* Directions for this task *
Copy, exactly as written, the lines that begin at the one containing "昨日(21日)17时14分许" and end at the one containing "Tadzio i Alicja". Skip any pictures in the data below.

[[ Dataset entries open ]]

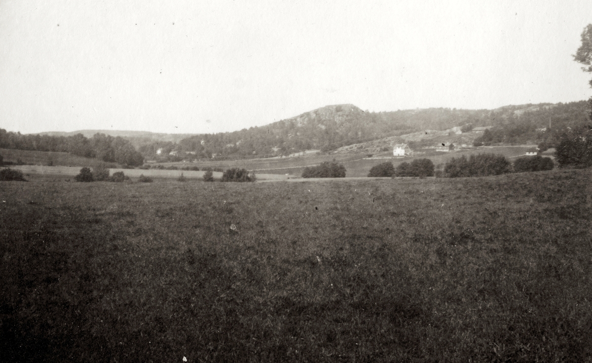 Vommedalen med Brattåsberget i bakgrunden, cirka 1940. Till höger ligger det vita huset "Anneberg" och intill ligger familjen Wedrups "Kullagård". Båda byggnaderna revs år 2020.
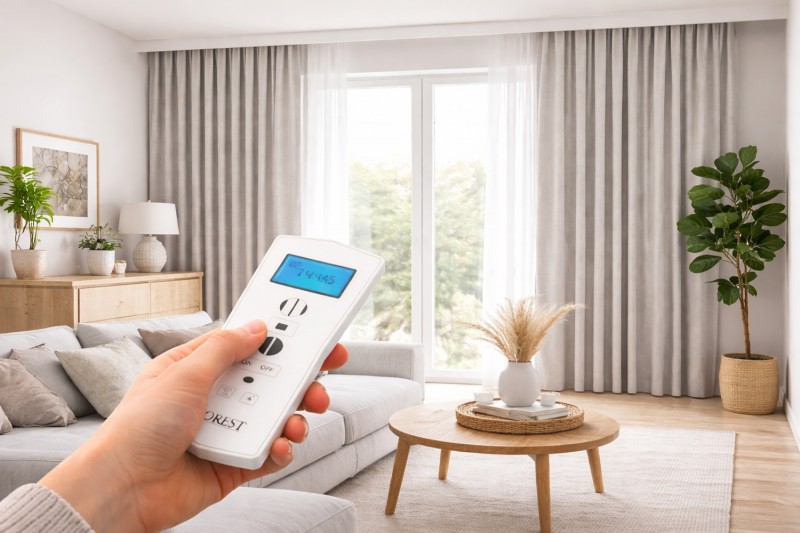 Jedną z największych zalet Forest Shuttle L jest niezwykle cicha i płynna praca napędu. Zasłony poruszają się miękko, bez szarpnięć i gwałtownych ruchów, co ma ogromne znaczenie szczególnie w sypialniach i strefach wypoczynku.
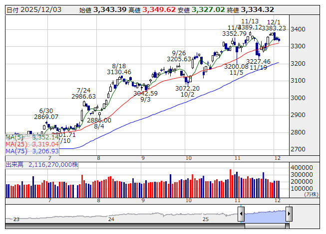 TOPIX <日足> 「株探」多機能チャートより3434.13ポイント ボリンジャーバンド3σ
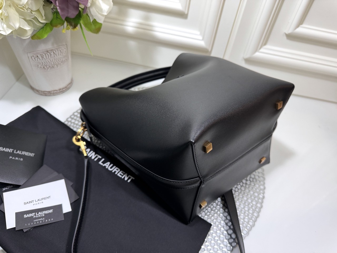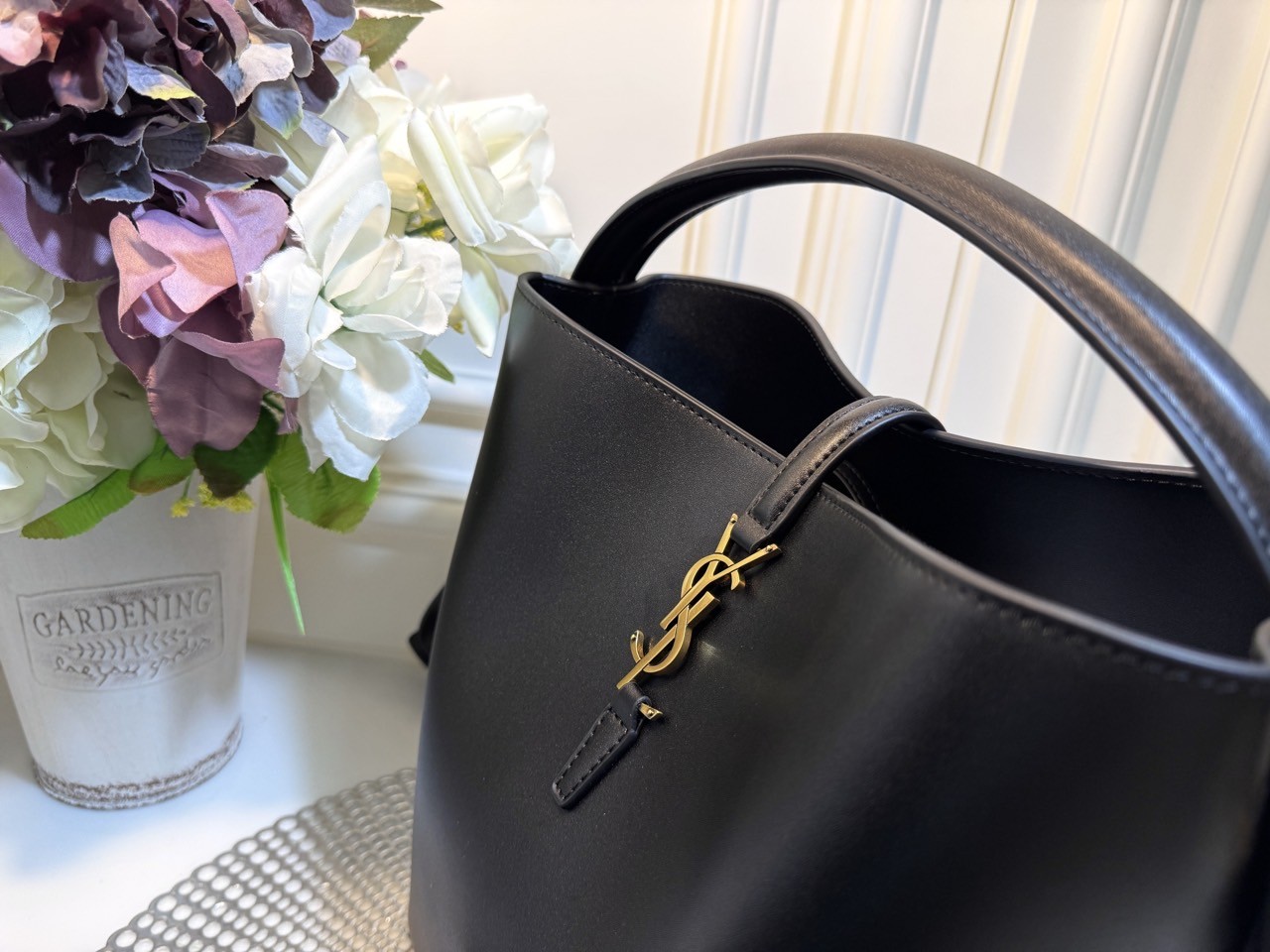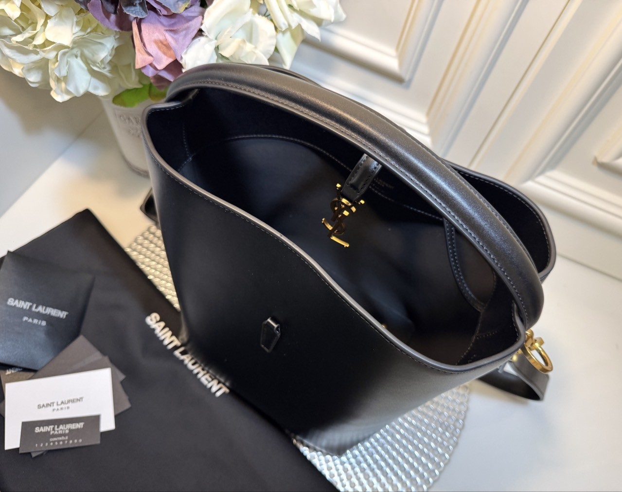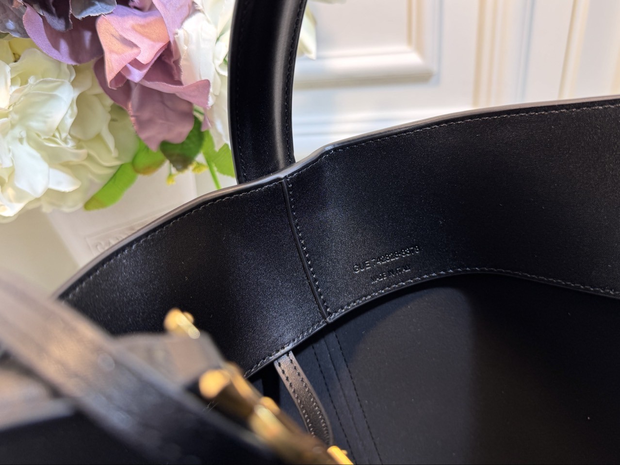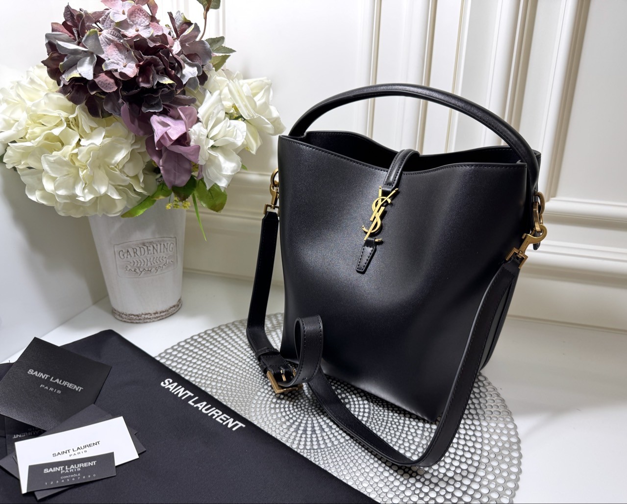 골드 컬러의 입생로랑 로고가 고급스러운 느낌을 주어 데일리 가방으로도 좋고, 격식있는 자리에도 잘 활용할 수 있습니다
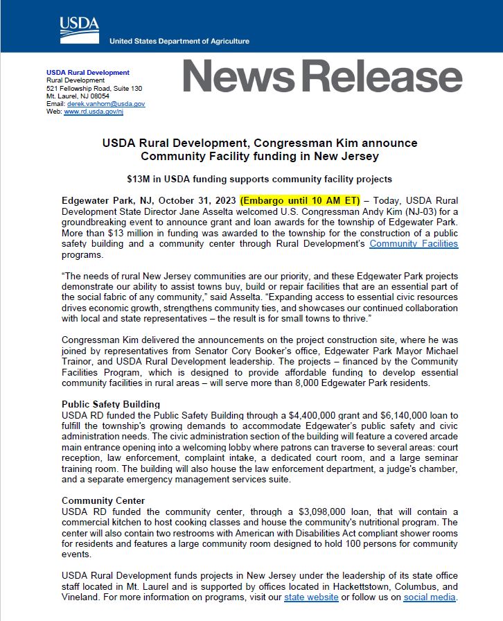 Congressman Kim leads procurement success for funding EP Public Safety Building and Community Center
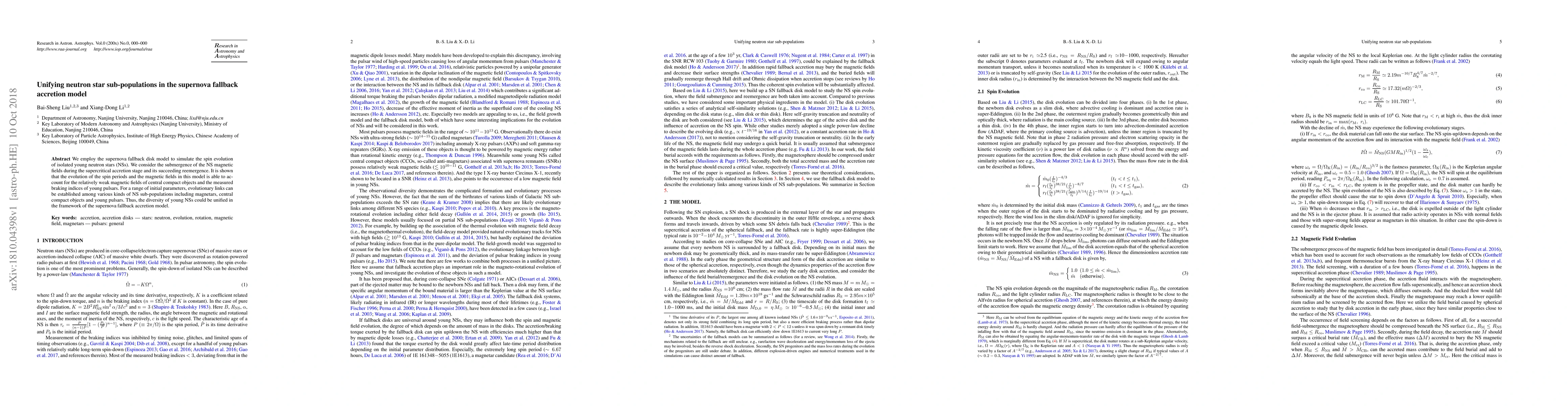This paper uses the supernova fallback accretion model to simulate neutron star spin evolution, showing how it can explain the weak magnetic fields and braking indices of young pulsars. It establishes evolutionary links among different neutron star sub-populations, suggesting a unified framework for their diversity.
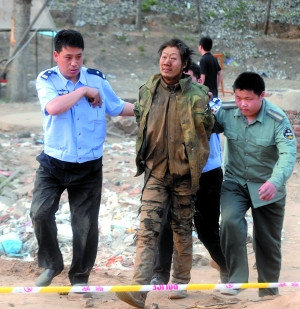 昨日(21日)17时14分许,藏身管道内的男子李秦刚(音)被民警抓住右臂,拖出水泥管道。从警方最初救援遭其拒绝开始,他已藏身井下近100个小时。
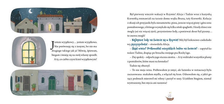 Tadzio i Alicja doczekali się młodszego braciszka. Odwiedzają też kuzynkę Krewetkę w jej domu w Rzymie. Odwiedzą tam Koloseum, zobaczą Usta Prawdy, a przede wszystkim nauczą się radzić sobie z zazdrością.
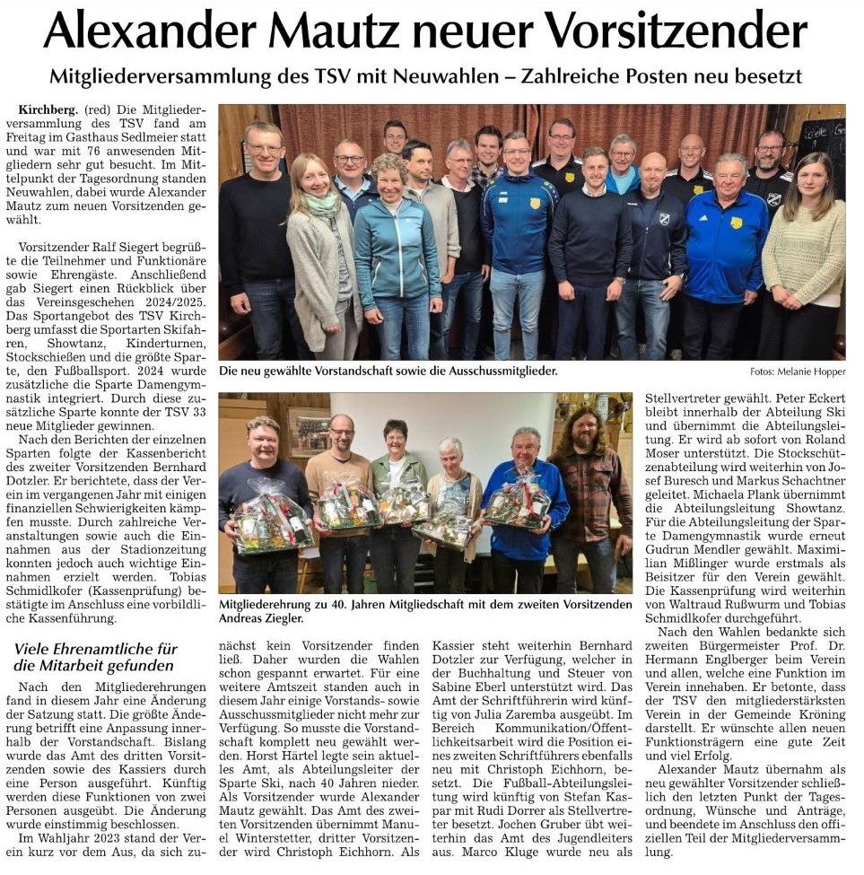 02.04.25: Unsere sehr gut besuchte Generalversammlung, fand am 21.03. 2025 im Gasthaus Sedlmeier um 19:00 Uhr statt mit anschließender Neuwahl der Vorstandschaft... [weiterlesen]

[[ Dataset entries closed ]]

* Task result *
 昨日(21日)17时14分许,藏身管道内的男子李秦刚(音)被民警抓住右臂,拖出水泥管道。从警方最初救援遭其拒绝开始,他已藏身井下近100个小时。
 Tadzio i Alicja doczekali się młodszego braciszka. Odwiedzają też kuzynkę Krewetkę w jej domu w Rzymie. Odwiedzą tam Koloseum, zobaczą Usta Prawdy, a przede wszystkim nauczą się radzić sobie z zazdrością.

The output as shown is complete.